CANADA FX DEBT-C$ touches 2009 high, helped by oil; bonds mixed
* Risk appetite on the rise
* Canadian dollar hits highest level in nearly 6 months
* Bond prices mixed
By Ka Yan Ng
TORONTO, May 5 (Reuters) - The Canadian dollar climbed to its highest level versus the U.S. currency in nearly six months on Tuesday as demand for riskier currencies was on the rise.
This week's rebound in commodity prices, oil in particular, helped the Canadian currency hit C$1.1677 to the U.S. dollar, or 85.64 U.S. cents, its highest since Nov. 10. Crude, a key Canadian export, neared $55 a barrel. [ID:nN05259496]

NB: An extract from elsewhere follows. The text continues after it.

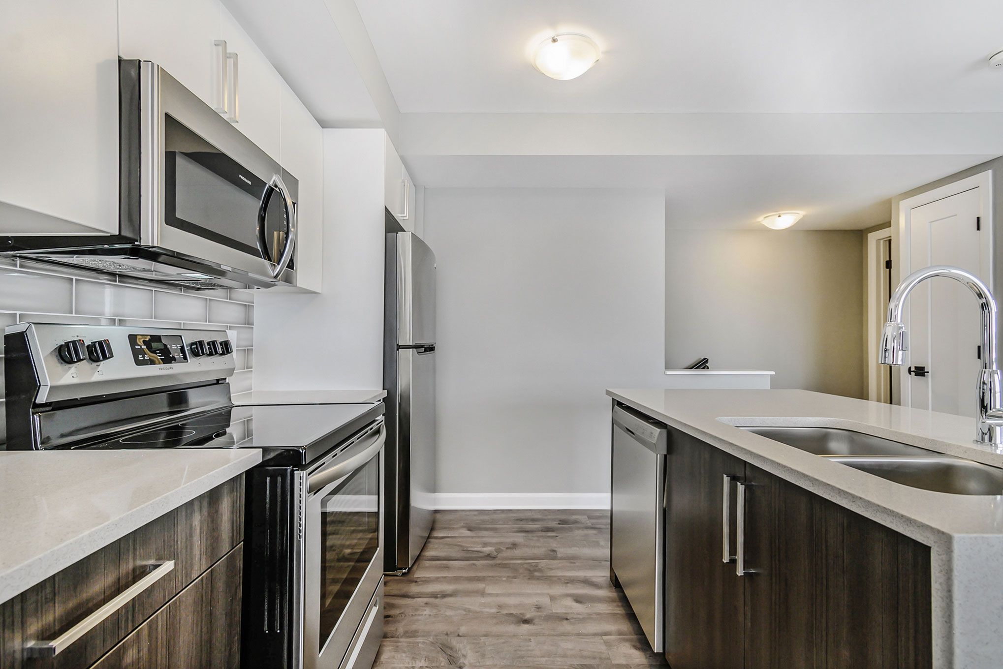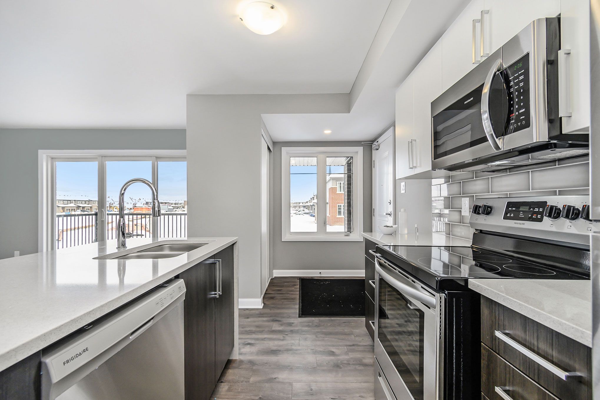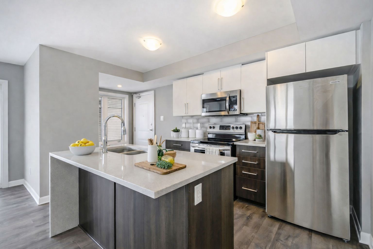 • Modern kitchen with quartz countertops and upgraded stainless steel appliances.

The currency has recently traded in tandem with equity and commodity markets, in line with a theme of investors increasingly willing to take on more risk.
"The main thing is increased risk appetite amid signs global recession is easing," said Sal Guatieri, senior economist at BMO Capital Markets.

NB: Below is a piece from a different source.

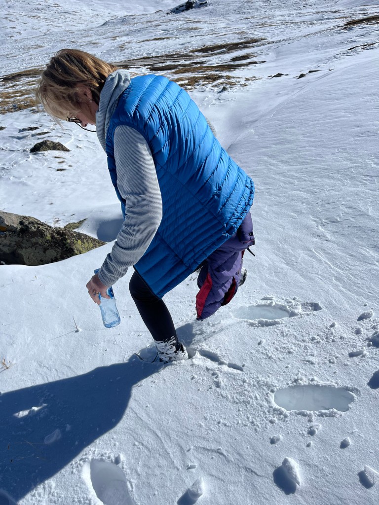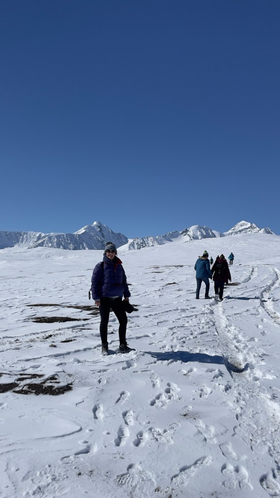 Looking up to where we were heading certainly meant an arduous task. We were just under 3,000 meters and walking in this deep snow quickly depleted my energy. Iām not ashamed to say I was struggling and trailing behind although I thought I would have coped better. Iām sure it was the altitude as Iāve felt this before at these heights.

At 9:10 a.m. (1310 GMT), the Canadian unit was at C$1.1703 to the U.S. dollar, or 85.45 U.S. cents, up from C$1.1735 to the U.S. dollar, or 85.22 U.S. cents, at Monday's close.
With no major Canadian economic data was due on Tuesday, markets will be watching for employment data, the Ivey Purchasing Managers' Index, and housing reports later this week. U.S. employment figures are due on Friday.
A key risk this week may also be the U.S. Federal Reserve's release of the bank stress test results. [ID:nN04553413]
Canadian bonds were mixed with long bonds edging higher, while shorter-dated debt dipped, as investors weighed equity market appetite and supply.
Bonds have been flat to lower in recent days as equity markets rose to their best levels in nearly six months.
"Given the return of risk appetite and strong rallies in equity markets, it's actually surprising that bonds haven't weakened further," said Guatieri.
"In the background, the Fed's purchases of Treasuries are putting a ceiling on U.S. Treasury yields and that's tending to support the Canadian market as well."
The two-year Canada bond fell 7 Canadian cents to C$100.42 to yield 1.044 percent, while the 10-year bond rose 27 Canadian cents to C$105.90 to yield 3.065 percent.